I want to calculate the variance of the maximum likelihood estimator of a Rayleigh distribution using $N$ observations.
The density probability function of this distribution is :
$$ f(\sigma,y_i) = \frac{y_i}{\sigma^2} e^{-\frac{y_i^2}{2\sigma^2}} $$
I also know that the mean is $\sigma \sqrt{\frac{\pi}{2}}$, its variance is $\frac{4 - \pi}{2}\sigma^2$ and its raw moments are $E[Y_i^k] = \sigma^k 2^{\frac{k}{2}}\Gamma(1+\frac{k}{2})$. Knowing this, I was able to calculate the maximum likelihood estimator $\hat{\sigma}^{2,ML} = \frac{\sum_{i=1}^{N} y_i^2}{2N}$
I calculated the mean of this estimator : $m_{\hat{\sigma}^{2,ML}} = E[\frac{\sum_{i=1}^{N} y_i^2}{2N}] = \frac{2N \sigma^2}{2N} = \sigma^2$ knowing that $E[y_i^2] = \sigma^2 2 \Gamma(2) = 2\sigma^2$.
For the variance, however, I do not see how to do it.
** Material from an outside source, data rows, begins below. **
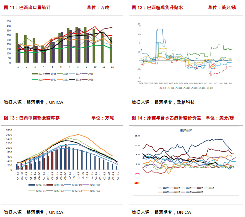 10月份仍是巴西甘蔗压榨高峰期,而11月份巴西糖生产逐渐进入尾声,从目前的双周糖产来看,2025/26榨季巴西的糖产大概率会出现增加,甚至总产量也将大概率处于历年同期的偏高位。预计10月份巴西糖出口量也将处于历年同期的偏高位。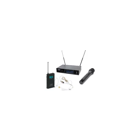 SET 1 MICROFONO A GELATO + 1 MICROFONO AD ARCHETTO WIRELESS UHF A FREQUENZA VARIABILE 100 + 100 CANALI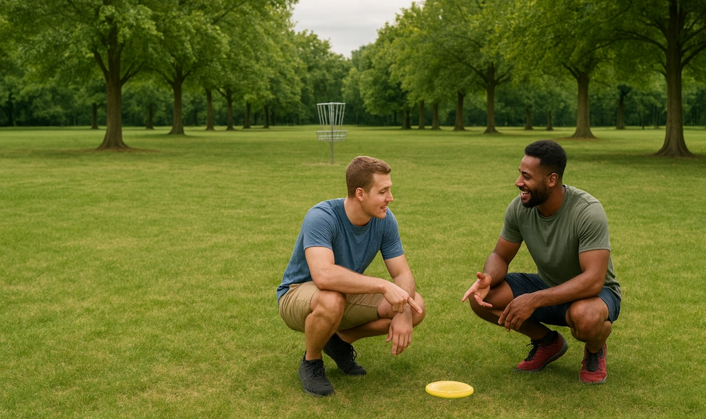 Det er noe spesielt med å spille discgolf første gang med andre spillere. Kanskje du har øvd litt alene, kastet noen discer i parken, og føler deg klar til å prøve en skikkelig runde. Men så: Hva hvis jeg ikke kan reglene? Hva hvis jeg gjør noe galt og alle ser på meg? Hva hvis jeg forsinker andre spillere?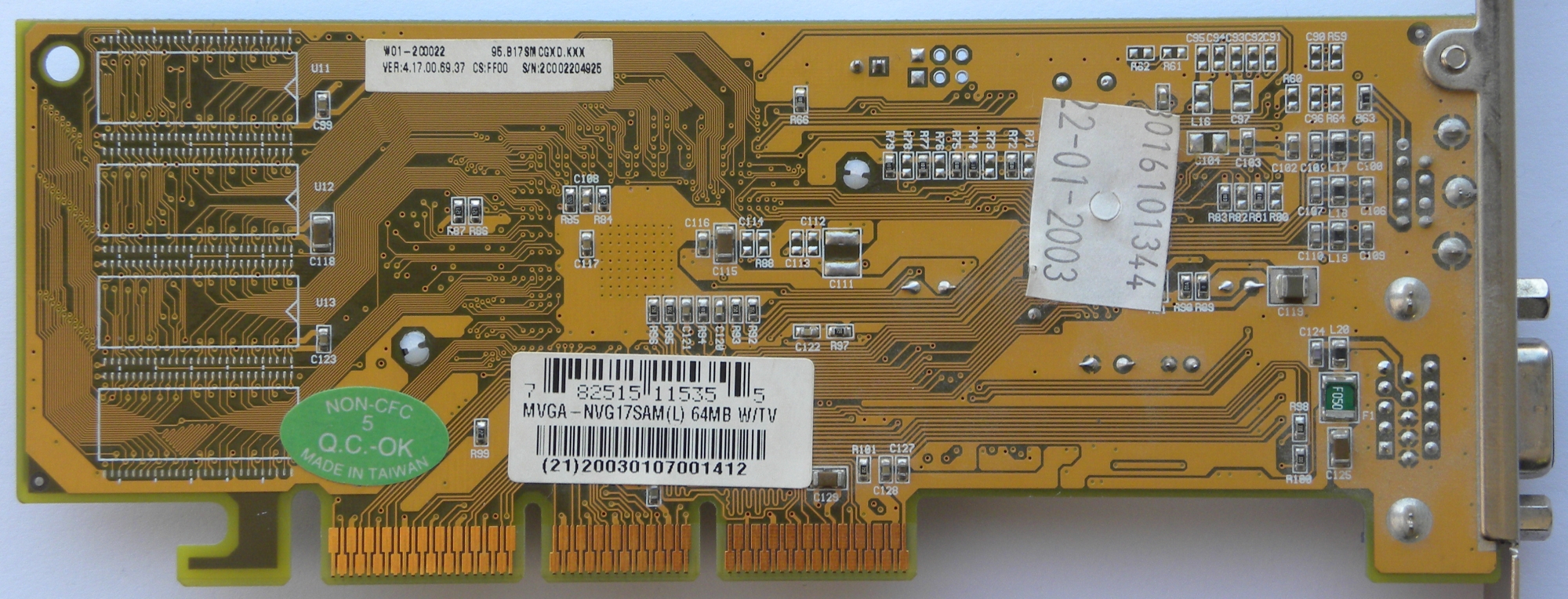 MVGA GeForce4 MX440 SE - This card has 64MB DDR memory connected with 64-bit bus, clocked at 333MHz, memory bandwith is 2700MB/s. GPU is clocked at 250MHz.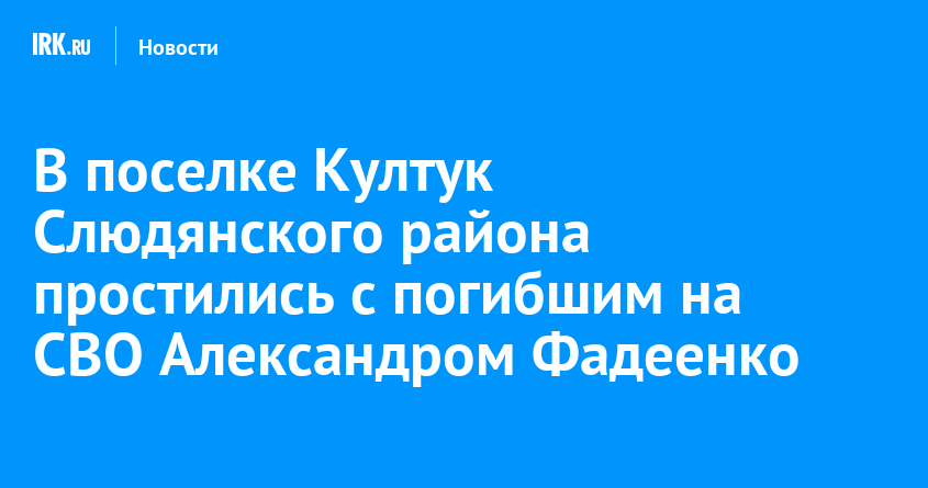 20 января жители поселка Култук Слюдянского района простились с земляком Александром Фадеенко, погибшим в зоне проведения СВО. Бойцу было 40 лет. Об этом в своем телеграм-канале сообщил глава Слюдянки Андрей Должиков.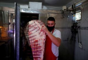 FILE PHOTO: Butcher Pablo Alberto Monzon carries a costillar (cow ribs) out of his fridge, at his shop, in General Pacheco, on the outskirts of Buenos Aires, Argentina May 19, 2021. Picture taken May 19, 2021. REUTERS/Agustin Marcarian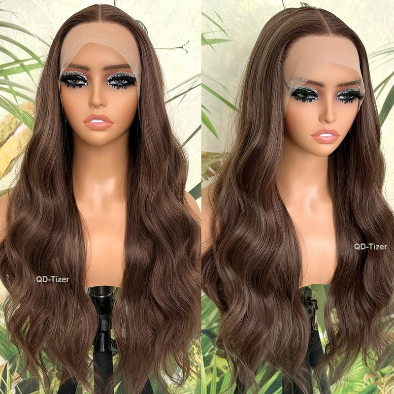 QD-Tizer Loose Curly Brown Lace Front Wig Synthetic Long Highlight Brown Wigs Pre-styled Long Body Wave Wavy Curly Hair 13×4 Lace Wigs for Women Natural Glueless Synthetic Wigs for Daily Use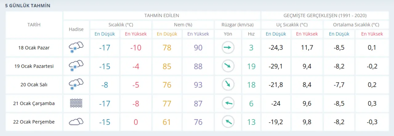 Paylaşılan verilere göre Sivas’ta beklenen sıcaklıklar, 1991–2020 yılları ortalamalarının da altına düşüyor. Bu durum, önümüzdeki günlerde rekor soğuklara yaklaşılabileceğini gösteriyor.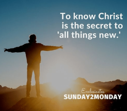 Without a view from heaven that all creation reflects the glory of God – it just simply illustrates that we live in a weary cycle that goes on and on and on. Where is the new day? or the new thing? So it seems, we can deduce from this book, that to know Christ is the secret to ‘all things new.’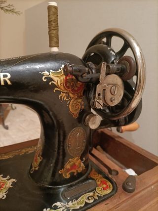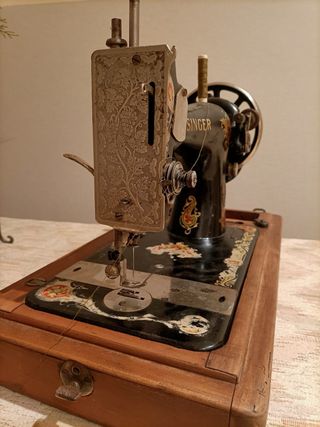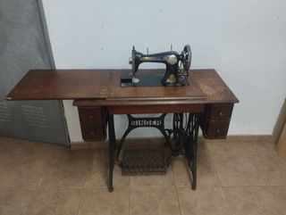 Se vende máquina de coser Singer antigua con mueble de costura. Se puede ver el número de serie (la máquina es de principios del siglo XX, en concreto del año 1921). Está engrasada, con la cuerda de cuero nueva y el mueble es de madera, está lijado y abre y cierra perfectamente. Le falta ponerla a punto para su uso ajustando el pedal al mueble (si acaso quiere usarse para coser).
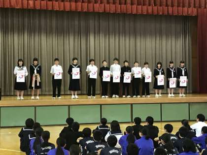 中体連新人大会の表彰がありました。暑い夏を皆で乗り越えた成果です。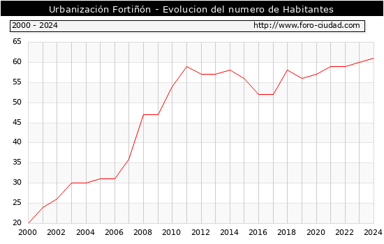 Segun los datos publicados por el INE a 1 de Enero de 2024 el numero de habitantes en Urbanización Fortiñón era de 61, 1 habitantes mas que el en el año 2023. En el grafico siguiente se puede ver cuantos habitantes tiene Urbanización Fortiñón a lo largo de los años.
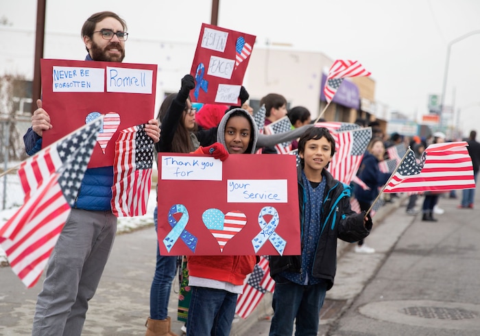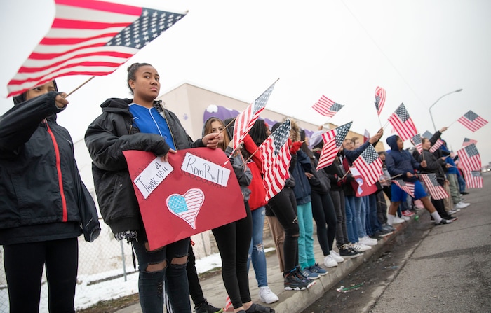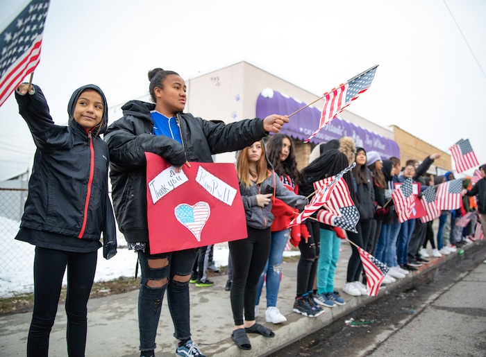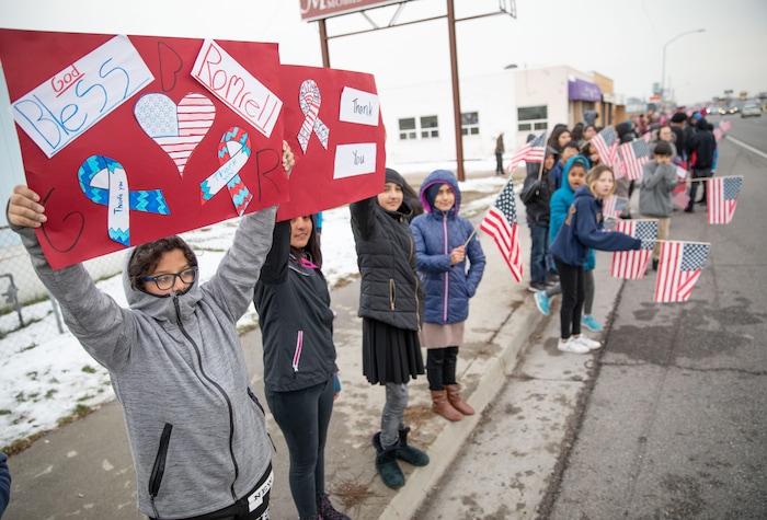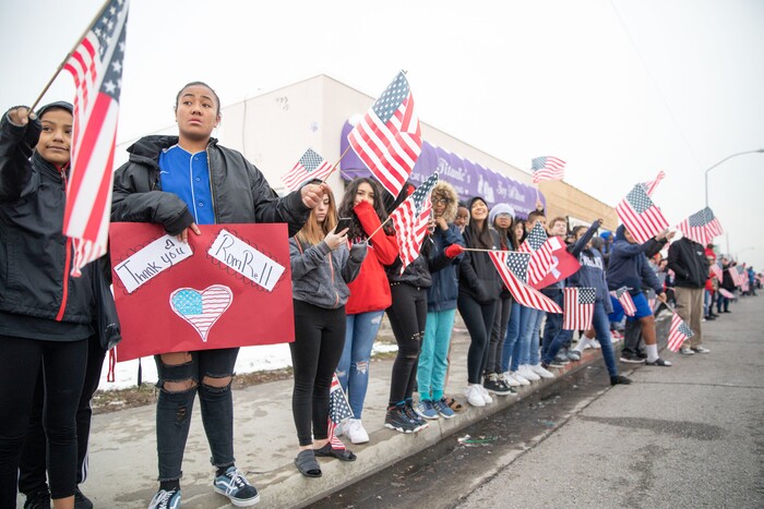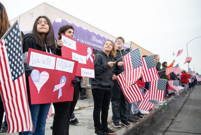 (Keith Johnson | special to The Salt Lake Tribune) Students and staff from Granite Park Jr. High line State Street near 3000 South to watch the funeral procession for Officer David Romrell Dec. 5, 2018 in South Salt Lake, Utah. Officer Romrell, a South Salt Lake police officer, was killed in the line of duty Nov. 24th when he was struck by a car driven by a fleeing suspect.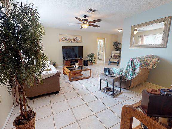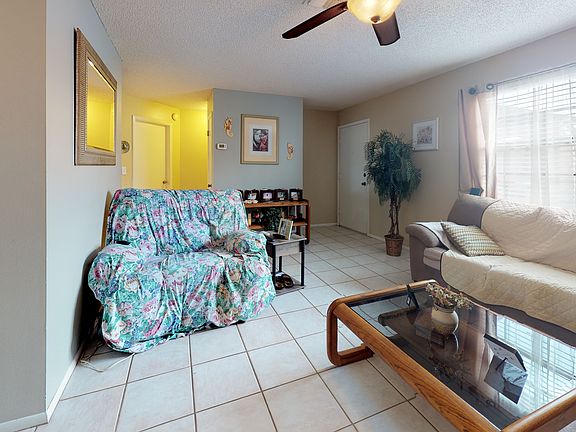 A great place to call home. A nice roomy layout inside and very functional. Tile floors run through the living and wet areas of the home for easy maintenance. The living room greets you walking through the front door and flows right into the dining room. Solid surface counters in the kitchen all neutral tones with a decorative backsplash and nice cabinet space. The master bedroom is very spacious in size and accommodating to large furniture with an attached bath. The guest bedroom is carpeted for comfort and has a ceiling fan above. The guest bath is just outside the hall for convenience. The screened in porch area also has windows surrounding that are tinted and the tile floors continue out there. The outdoor space is great for entertaining and the inground pool looks so refreshing. A nice size lot as well. This won't last!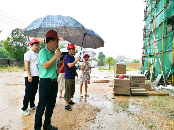 安全生產(chǎn)督查組一行詳細了解了項目建設進度,在冒雨查看了施工現(xiàn)場的安全生產(chǎn)情況后,對創(chuàng)新港項目的安全生產(chǎn)、安全施工的工作給予了肯定。傅文偉說:“安全生產(chǎn)責任重大,容不得半點馬虎,正五海產(chǎn)公司一定要敦促施工企業(yè)高度重視,完善安全警示標志,加強安全施工教育培訓?!蓖瑫r希望施工企業(yè)要加快外墻大理石安裝的施工進度,以防夏季突襲的臺風對其造成破壞和不必要的損失。

I have tried to do as follow:
$$ Var(Z) = E[Z^2] - E[Z]^2 = E[(\frac{\sum_{i=1}^{N} y_i^2}{2N})^2] - E[\frac{\sum_{i=1}^{N} y_i^2}{2N}]^2 = \frac{1}{4N^2} E[(\sum_{i=1}^{N}y_i^2)^2] - \sigma^4 $$
My problem is that I do not know how to calculate $E[(\sum_{i=1}^{N}y_i^2)^2]$. Could someone give me a hint ?
Thanks !
Since the independence of $Y_i$ and $Y_j, j \neq i$, implies that $Y_i^2$ and $Y_j^2$ also are independent random variables, $$E\left[\left(\sum_{i=1}^N Y_i^2\right)^2\right] = \left(\sum_{i=1}^N E[Y_i^4]\right) + 2\left(\sum_{i=1}^N\sum_{j=2}^N E[Y_i^2]E[Y_j^2]\right)$$ all of which expectations on the right have values that you know already.